━━━━━ The data

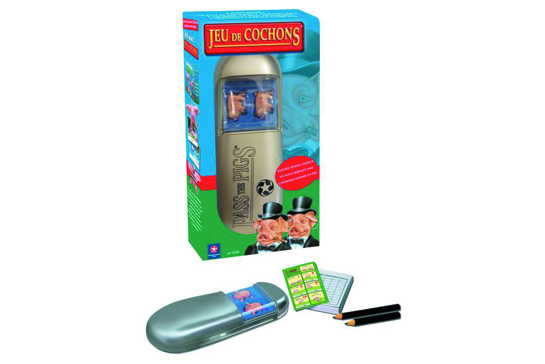 Dix fois plus drôle qu’un jeu de dés ! A la place des dés, deux cochons dont les positions finales, toutes plus drôles les unes que les autres, vous raporteront des points. Entre fou rires et prises de risque, ’Le jeu de cochons’ est le ’jeu apéro’ par excellence !
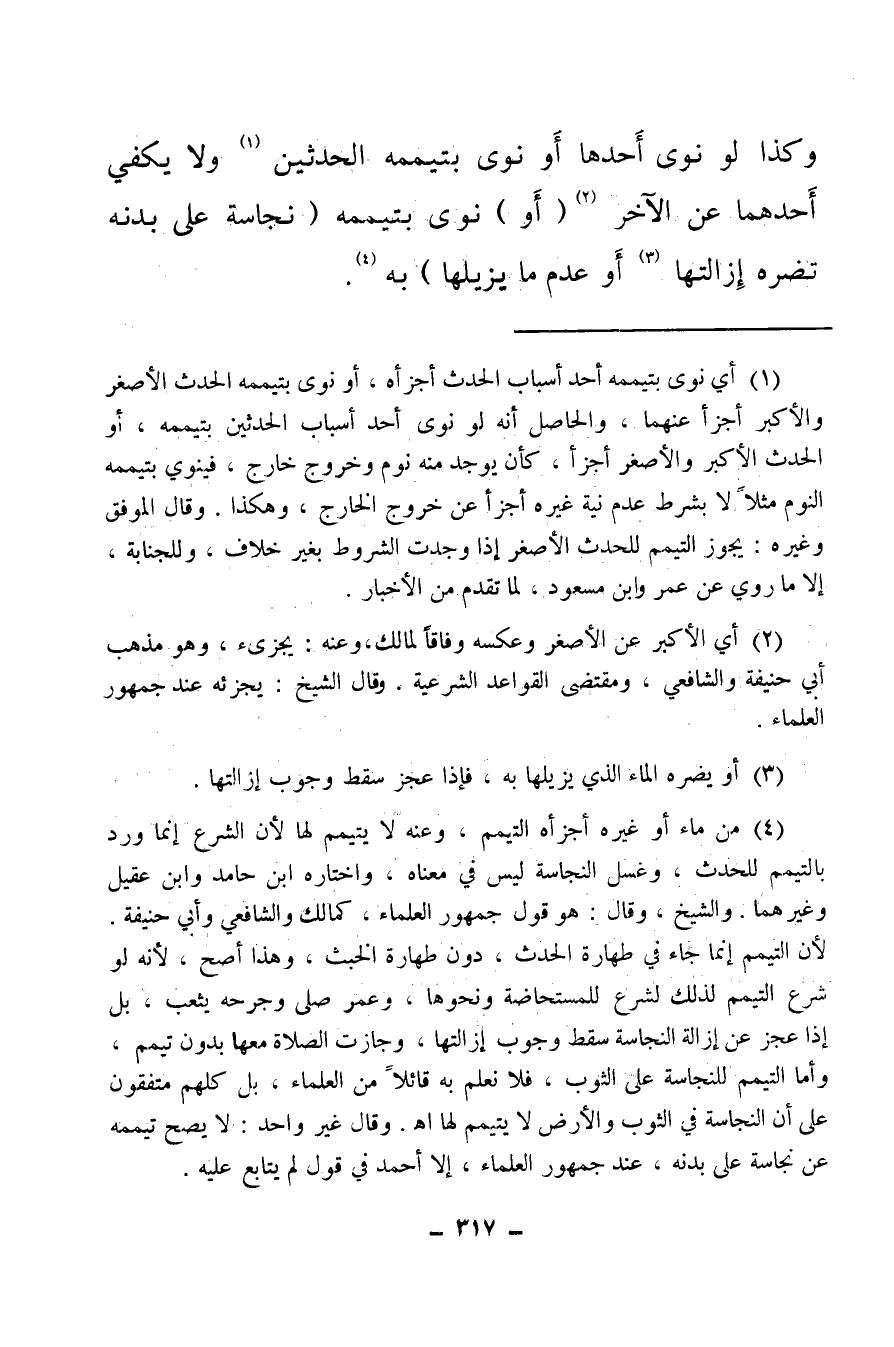 (¬4) من ماء أو غيره أجزأه التيمم، وعنه لا يتيمم لها لأن الشرع إنما ورد بالتيمم للحدث، وغسل النجاسة ليس في معناه، واختاره ابن حامد وابن عقيل وغيرهما. والشيخ وقال: هو قول جمهور العلماء، كمالك والشافعي وأبي حنيفة لأن التيمم إنما جاء في طهارة الحدث، دون طهارة الخبث، وهذا أصح، لأنه لو شرع التيمم لذلك لشرع للمستحاضة ونحوها، وعمر صلى وجرحه يثعب بل إذا عجز عن إزالة النجاسة سقط وجوب إزالتها، وجازت الصلاة معها بدون تيمم، وأما التميم للنجاسة على الثوب فلا نعلم به قائلا من العلماء، بل كلهم متفقون على أن النجاسة في الثوب والأرض لا يتيمم لها اهـ، وقال غير واحد: لا يصح تيممه عن نجاسة على بدنه، عند جمهور العلماء، إلا أحمد في قول لم يتابع عليه.
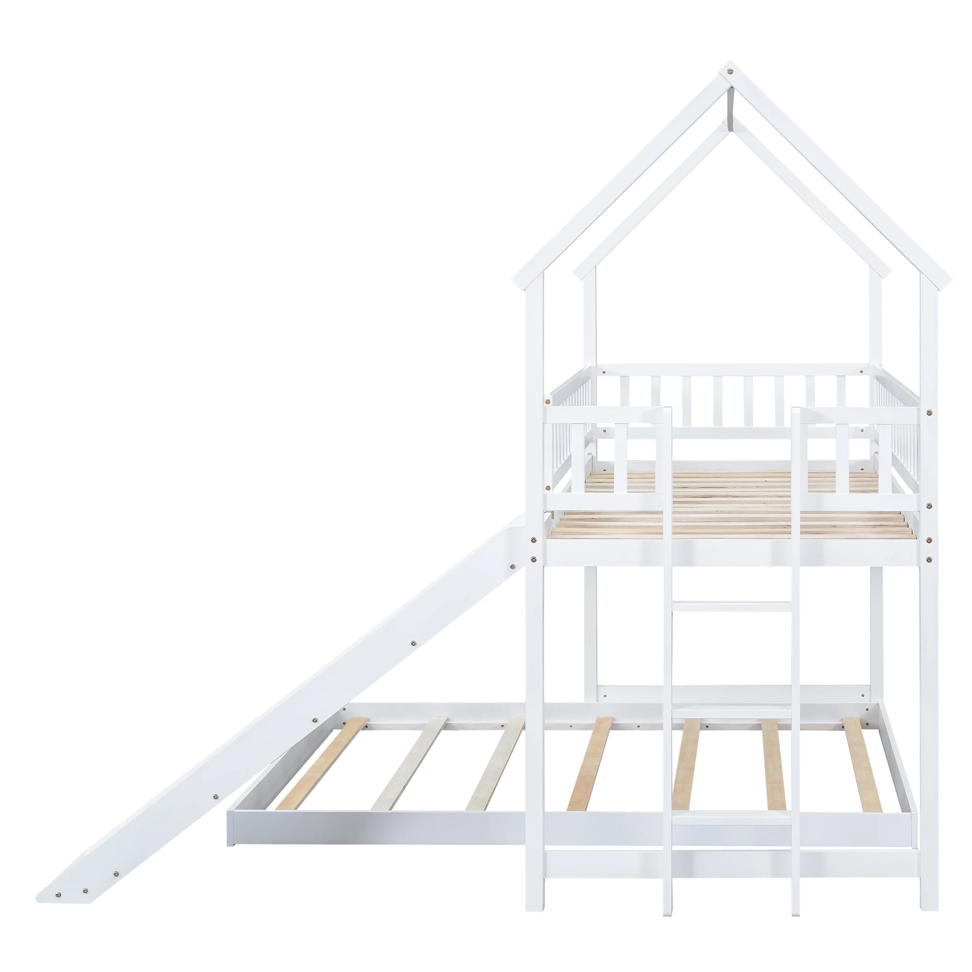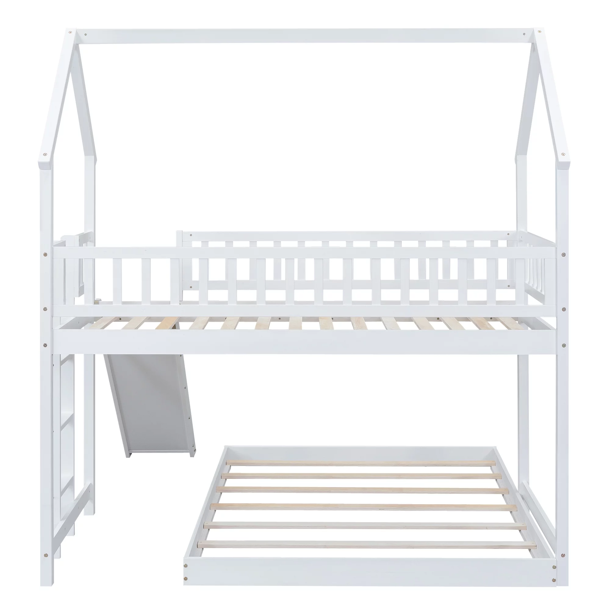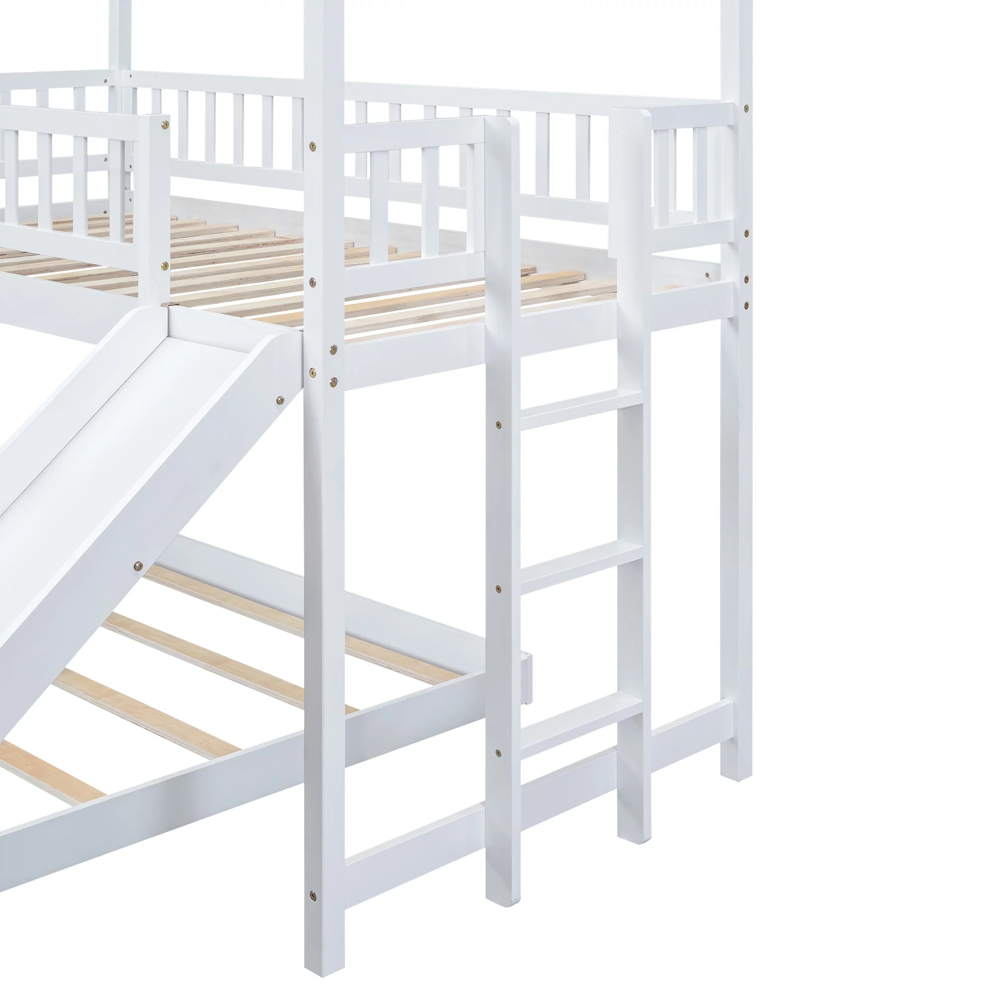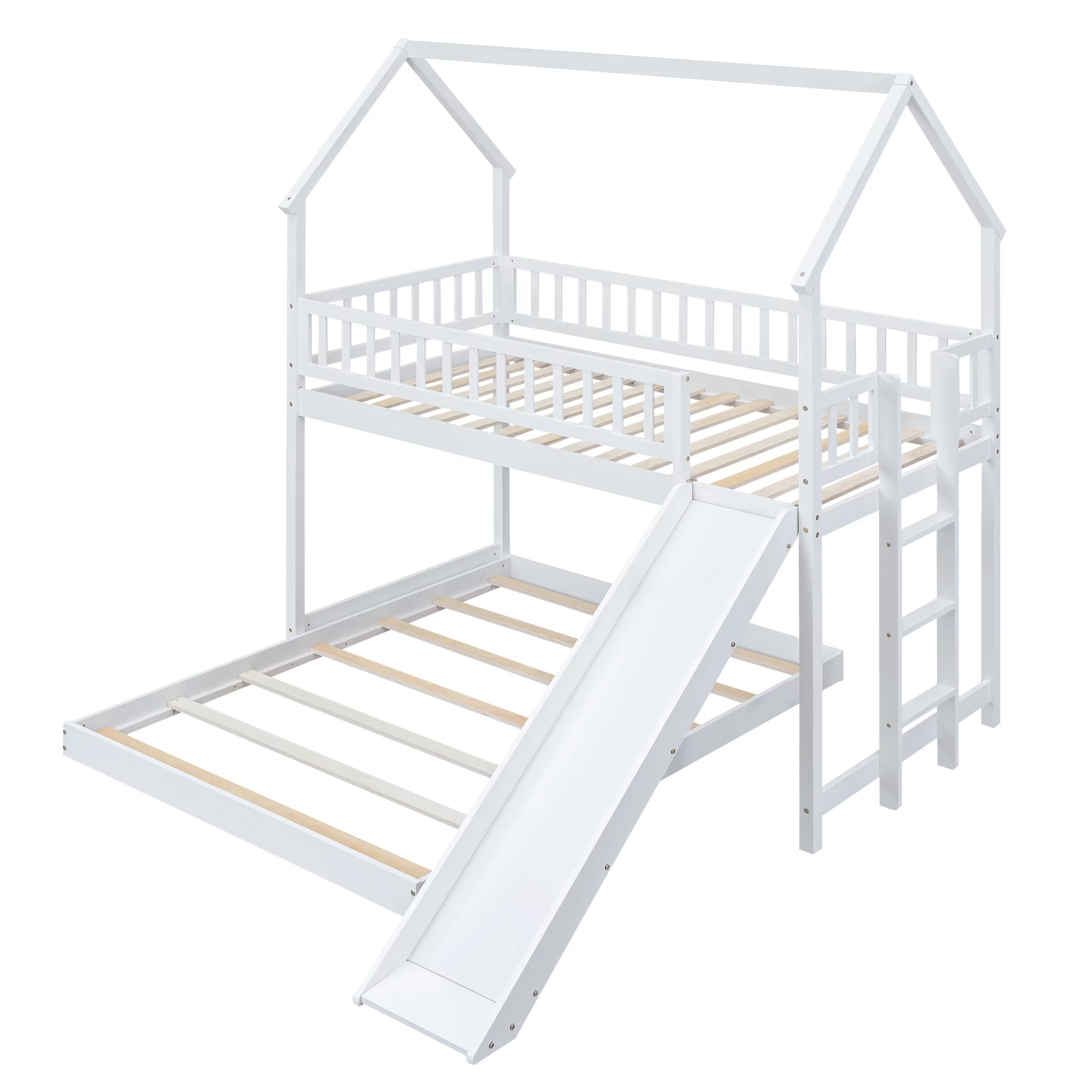 EUROCO Twin over Full House Bunk Bed with Slide and Built-in Ladder, White

━━━━━━━━━━

### [Task prompt]
Please give the data again in full, exactly as written, but without any images.

### [Finished exercise]
 Dix fois plus drôle qu’un jeu de dés ! A la place des dés, deux cochons dont les positions finales, toutes plus drôles les unes que les autres, vous raporteront des points. Entre fou rires et prises de risque, ’Le jeu de cochons’ est le ’jeu apéro’ par excellence !
 (¬4) من ماء أو غيره أجزأه التيمم، وعنه لا يتيمم لها لأن الشرع إنما ورد بالتيمم للحدث، وغسل النجاسة ليس في معناه، واختاره ابن حامد وابن عقيل وغيرهما. والشيخ وقال: هو قول جمهور العلماء، كمالك والشافعي وأبي حنيفة لأن التيمم إنما جاء في طهارة الحدث، دون طهارة الخبث، وهذا أصح، لأنه لو شرع التيمم لذلك لشرع للمستحاضة ونحوها، وعمر صلى وجرحه يثعب بل إذا عجز عن إزالة النجاسة سقط وجوب إزالتها، وجازت الصلاة معها بدون تيمم، وأما التميم للنجاسة على الثوب فلا نعلم به قائلا من العلماء، بل كلهم متفقون على أن النجاسة في الثوب والأرض لا يتيمم لها اهـ، وقال غير واحد: لا يصح تيممه عن نجاسة على بدنه، عند جمهور العلماء، إلا أحمد في قول لم يتابع عليه.
 EUROCO Twin over Full House Bunk Bed with Slide and Built-in Ladder, White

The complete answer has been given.